CMS has finalized or proposed several policy changes in 2023, including stricter audits of Medicare Advantage plans, changes to prior authorization and regulations aimed at drug prices.
Here are seven key policies from the agency to note from the first half of 2023:
- CMS is proposing a new rule for drug manufacturers, pharmaceutical benefit managers and managed care plans to increase drug price transparency in Medicaid. The agency laid out plans to increase transparency by requiring manufacturers to disclose some pricing information through a price survey and requiring PBMs to disclose more pricing details to managed care plans. The proposal is open for comment through July 25.
- Two rules proposed by CMS would establish national standards of care provided through fee-for-service Medicaid/CHIP and managed care plans, and require Medicaid managed care plans to disclose provider payment rates online. The proposal is open for comment through July 3.

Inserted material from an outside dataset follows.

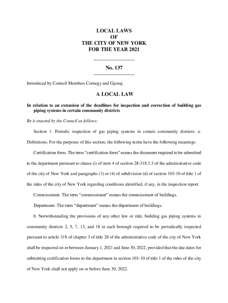 LOCAL LAWS OF THE CITY OF NEW YORK FOR THE YEAR 2021 ___No. 137 ___Introduced by Council Members Corner and Jonas. A LOCAL LAW In relation to an extension of the deadlines for inspection and correction

- CMS upped the number of nonstandard ACA plans payers can offer in each region from two to four. In a final rule, the agency upped the cap on nonstandard plans, added new special exchange enrollment periods for people who have lost Medicaid coverage and established more stringent network requirements for plans.
- In April, CMS issued a final rule that aimed to streamline Medicare Advantage and Part D prior authorizations and clamp down on misleading marketing practices. The rule requires that coordinated care plan prior authorization policies may only be used to confirm the presence of diagnoses or other medical criteria and/or ensure that an item or service is medically necessary.

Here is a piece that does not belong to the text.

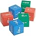Six 1 1/2-inch foam cubes 2 each of red, blue, and green with word beginnings and endings. Make up to 77 words! Foam is lightweight, soft, quiet, and washable. Square edges stop the cubes from rolling too far.

- CMS is moving ahead with Medicare Advantage risk adjustment changes payers and some provider groups opposed, but the agency will phase in the model over three years. The agency will shift MA's diagnosing coding from ICD-9 to ICD-10 and remove certain codes from the Hierarchical Condition Categories model, in addition to other changes to risk adjustment payments.
- CMS laid out more details on how it plans to implement the first-ever negotiation process of drug prices under Medicare, which will first apply in 2026, including a timeline. The agency plans to publish updated guidance based on feedback in summer 2023.
- CMS will implement stricter audits of Medicare Advantage plans, a move that could leave payers on the hook for billions of dollars in repayments to the federal government. In a final rule issued Jan. 30, the agency said it will strike the fee-for-service adjuster from risk adjustment data validation audits, a tool that would have calculated a permissible level of payment errors and limited audit recoveries to payment errors above that level.